Task prompt >> Exact copy, no pictures: restate each entry below word for word.

---------- Information

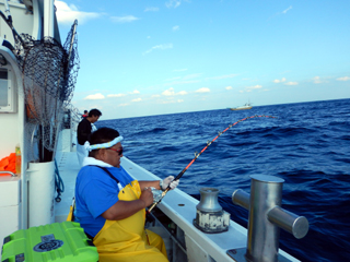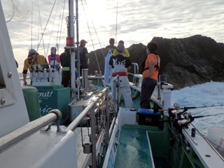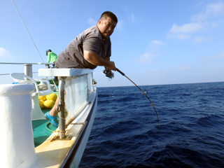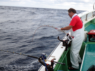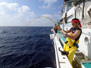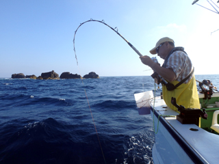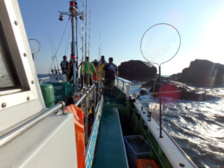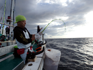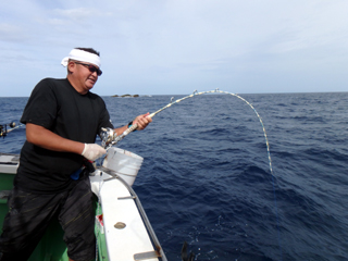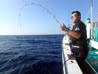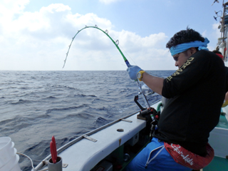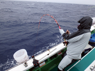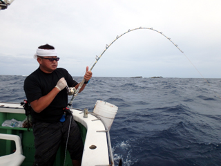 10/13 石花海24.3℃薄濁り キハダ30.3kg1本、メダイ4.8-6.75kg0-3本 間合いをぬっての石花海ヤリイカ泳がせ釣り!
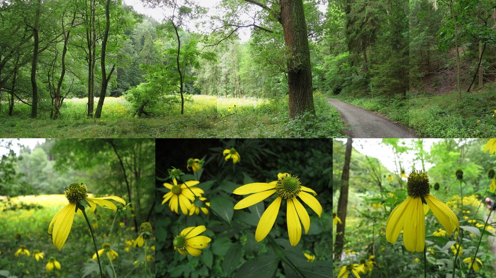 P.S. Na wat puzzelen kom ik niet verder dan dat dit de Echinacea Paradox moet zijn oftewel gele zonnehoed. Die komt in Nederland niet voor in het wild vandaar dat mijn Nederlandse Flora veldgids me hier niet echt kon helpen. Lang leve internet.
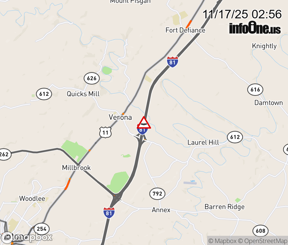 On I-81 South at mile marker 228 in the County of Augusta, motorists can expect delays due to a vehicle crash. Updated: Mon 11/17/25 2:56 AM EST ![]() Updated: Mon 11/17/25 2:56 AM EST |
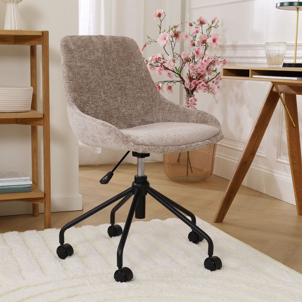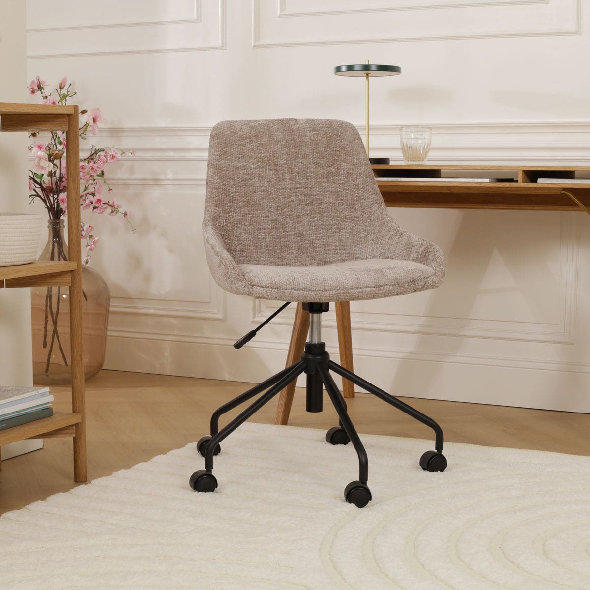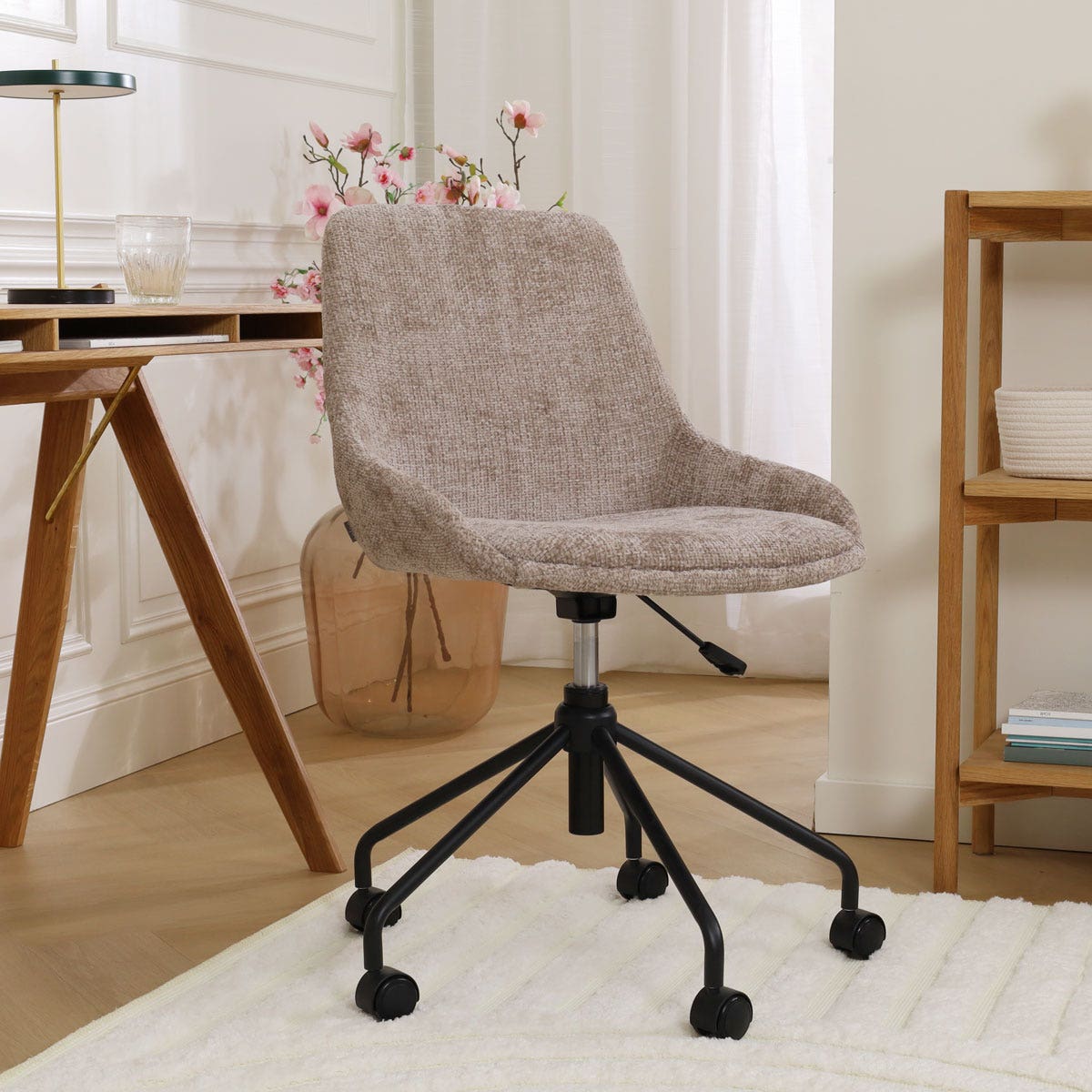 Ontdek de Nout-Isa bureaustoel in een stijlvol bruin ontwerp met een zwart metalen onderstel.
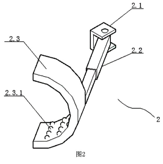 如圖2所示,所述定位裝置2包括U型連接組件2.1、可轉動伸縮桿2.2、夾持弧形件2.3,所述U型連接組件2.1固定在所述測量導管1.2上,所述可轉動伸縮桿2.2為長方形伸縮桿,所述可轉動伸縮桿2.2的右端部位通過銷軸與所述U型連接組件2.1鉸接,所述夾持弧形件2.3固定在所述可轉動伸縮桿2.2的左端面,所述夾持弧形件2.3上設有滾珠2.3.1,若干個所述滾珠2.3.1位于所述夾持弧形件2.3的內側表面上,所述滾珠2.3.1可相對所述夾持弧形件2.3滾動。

--------------------

Response to this exercise >>
 10/13 石花海24.3℃薄濁り キハダ30.3kg1本、メダイ4.8-6.75kg0-3本 間合いをぬっての石花海ヤリイカ泳がせ釣り!
 P.S. Na wat puzzelen kom ik niet verder dan dat dit de Echinacea Paradox moet zijn oftewel gele zonnehoed. Die komt in Nederland niet voor in het wild vandaar dat mijn Nederlandse Flora veldgids me hier niet echt kon helpen. Lang leve internet.
 On I-81 South at mile marker 228 in the County of Augusta, motorists can expect delays due to a vehicle crash. Updated: Mon 11/17/25 2:56 AM EST ![]() Updated: Mon 11/17/25 2:56 AM EST |
 Ontdek de Nout-Isa bureaustoel in een stijlvol bruin ontwerp met een zwart metalen onderstel.
 如圖2所示,所述定位裝置2包括U型連接組件2.1、可轉動伸縮桿2.2、夾持弧形件2.3,所述U型連接組件2.1固定在所述測量導管1.2上,所述可轉動伸縮桿2.2為長方形伸縮桿,所述可轉動伸縮桿2.2的右端部位通過銷軸與所述U型連接組件2.1鉸接,所述夾持弧形件2.3固定在所述可轉動伸縮桿2.2的左端面,所述夾持弧形件2.3上設有滾珠2.3.1,若干個所述滾珠2.3.1位于所述夾持弧形件2.3的內側表面上,所述滾珠2.3.1可相對所述夾持弧形件2.3滾動。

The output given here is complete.